In situations where you might expect or are required take into account the failure of multiple nodes (that are replicas) simultaneously, such as might be the case when using old desktop PCs for your storage, you should increase the number of replicas.
There is a significant initial performance hit for the GlusterFS client, as it merely starts to realize one of the volume’s bricks is no longer available.
The write performance should not be impacted significantly, but the read performance is – not unlike with RAID 1 replicated disk volume.

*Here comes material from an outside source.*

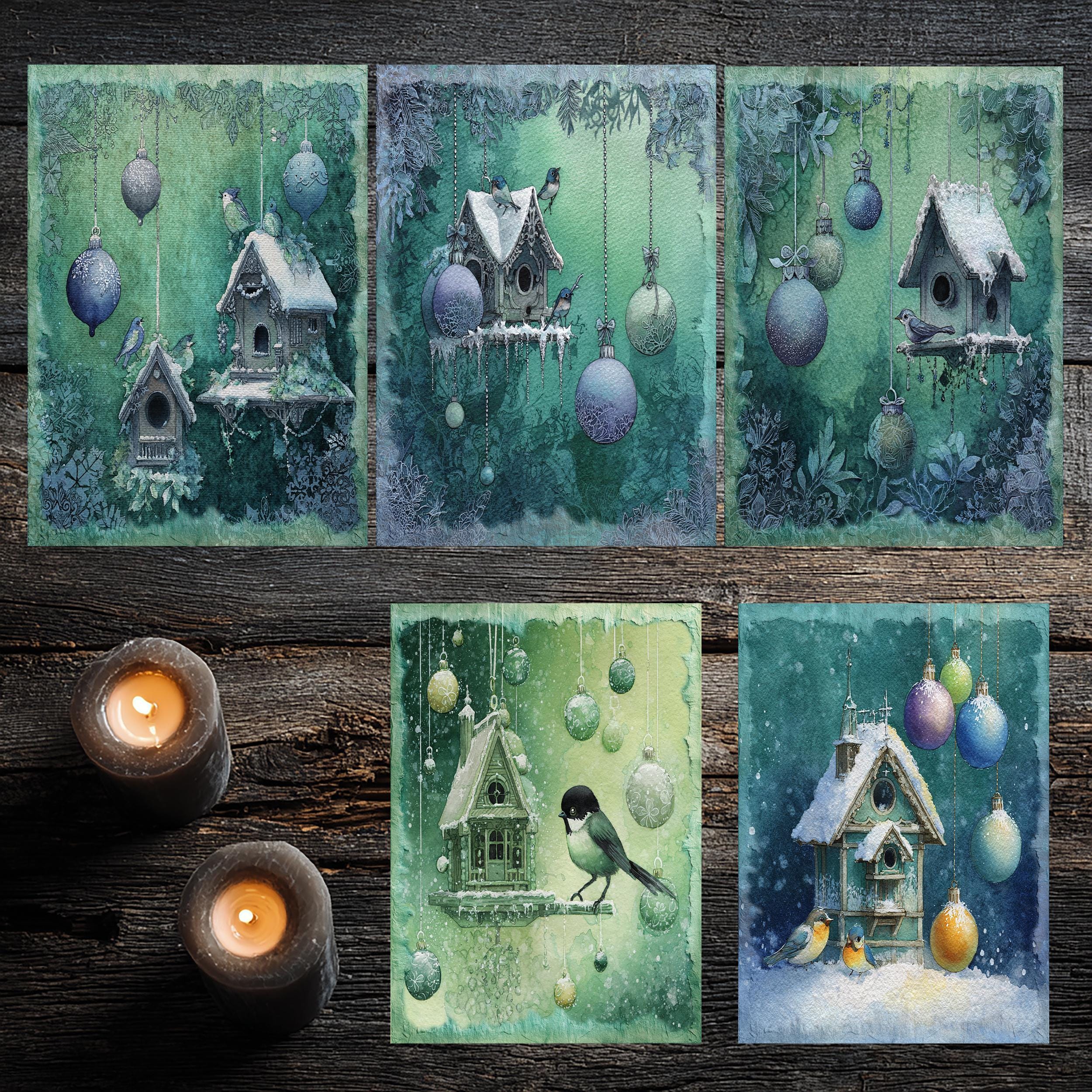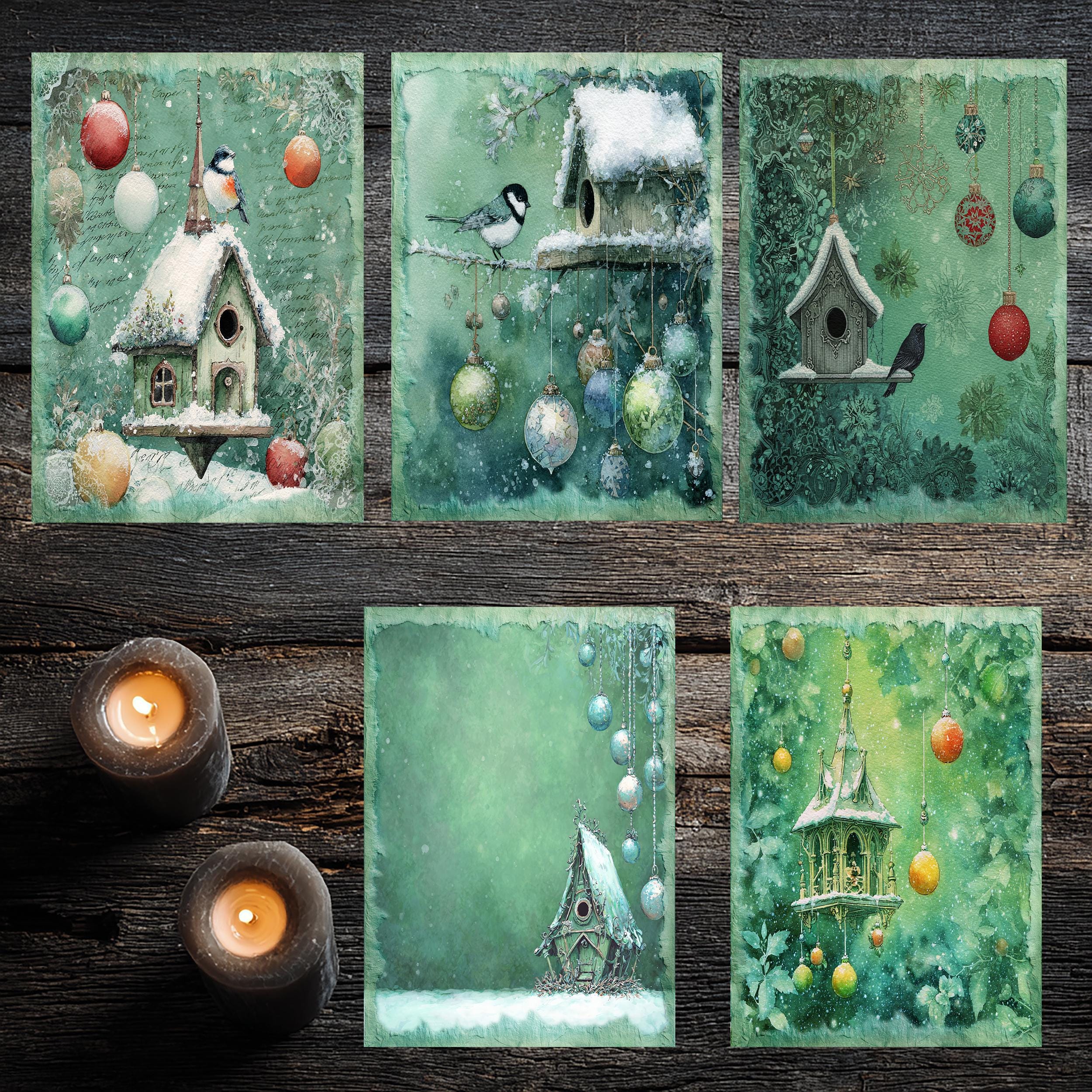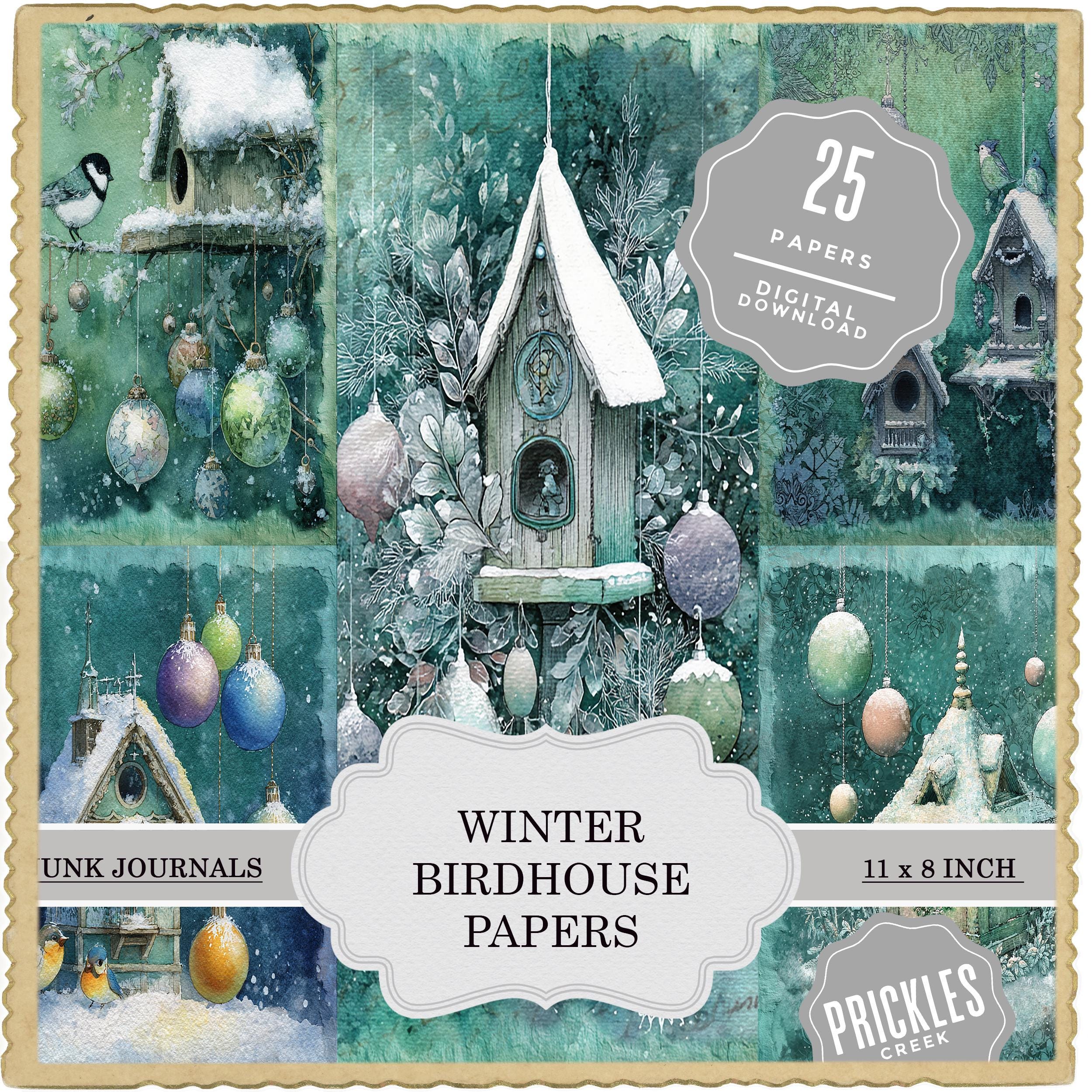 Winter junk journal bird house papers, scrapbooking set, scrapbook paper, ephemera, memory album - digital papers

You can find peers that are unavailable as being disconnected:
# gluster peer status Number of Peers: 3 Hostname: gfs2.example.org Uuid: 5e68482a-4164-4cfb-af2c-61a64cf894a7 State: Peer in Cluster (Connected) Hostname: gfs3.example.org Uuid: 89073c71-1cf7-4d6e-af93-dab8f13cee14 State: Peer in Cluster (Disconnected) Hostname: gfs4.example.org Uuid: fb7db59d-aaee-4dcc-98e3-c852243c8024 State: Peer in Cluster (Connected)
When the node comes back online, it will automatically repair itself before it is deemed connected. During the downtime, and during the repair, it is crucially important the other replica(s) does not fail as well.
Replica x, Distribute y - how much storage, how many nodes?¶
The total storage volume available is impacted most significantly by the number of replicas – the distribution is a JBOD aggregation of volumes.